After its social properties were compromised, Microsoft today indicated that a “small number” of its employee’s Outlook accounts were hacked by the Syrian Electronic Army as well. The online group had previously tweeted out screenshots of emails purportedly from Microsoft staffers.
As The Verge notes, those published screenshots “mainly discuss[ed] the latest compromises of several Microsoft-owned Twitter accounts.” Included among the published screenshots was an email from Steve Clayton to Frank Shaw. Luckily for the two their disclosed dialogue was pedestrian.
It is unclear the extent of the security breach, and if emails were taken from the accounts or in other ways stored that could prove embarrassing for Microsoft. To have your social accounts’ security snapped is par for the course in our current age. To have your email systems broken into is another game, especially if you are the company that built the system, and if you’re selling it to companies around the world.
Microsoft provided a statement to The Verge stating that a “social engineering cyberattack method known as phishing resulted in a small number of Microsoft employee social media and email accounts being impacted” in the incident.
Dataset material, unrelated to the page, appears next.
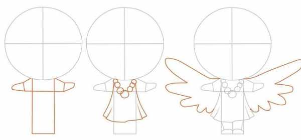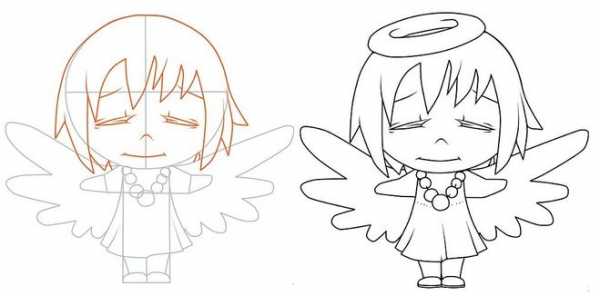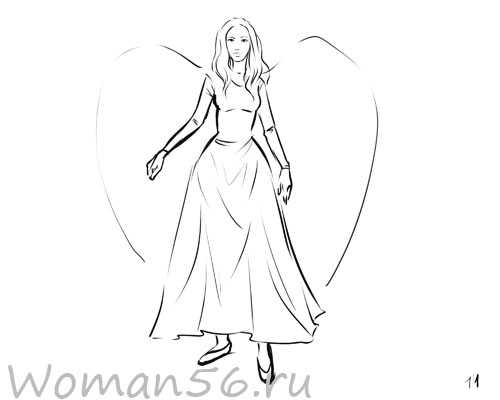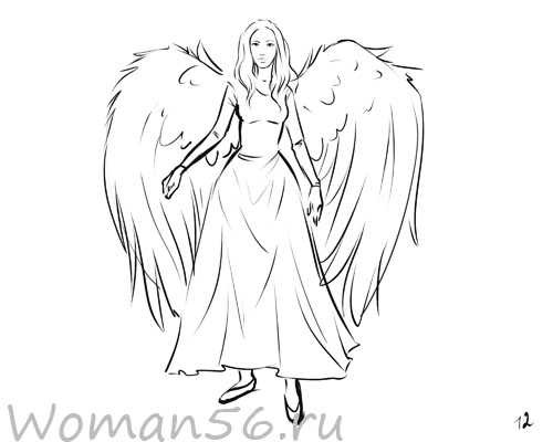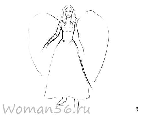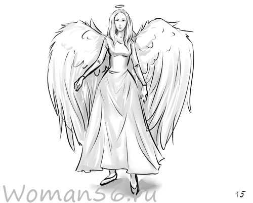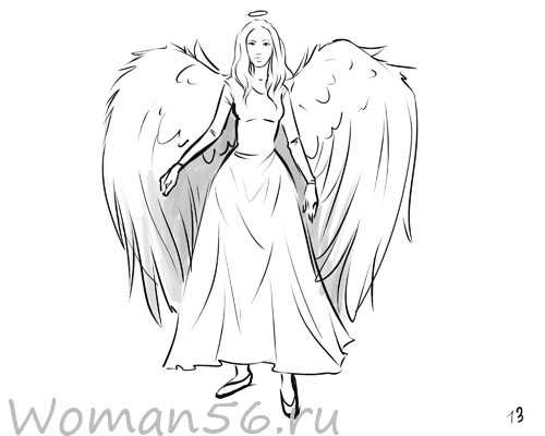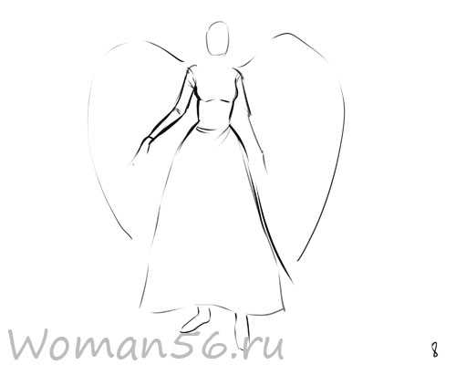 Теперь рассмотрим инструкцию, как нарисовать ангела с крыльями:

The accounts in question have been “reset” according to the company. No customer information was compromised, it claims.
That’s fine, but what the SEA could have found inside the inboxes of key Microsoft employees could be damaging, or embarrassing, or both. That’s not to say that the employees in question are more salacious than average, but more that we all speak more freely when in private than public.
If the SEA delved during its incursion, it might have uncovered a number of internal plans and methods. Should those leak to the media, Microsoft could lose control of its own news cycles for some time to come.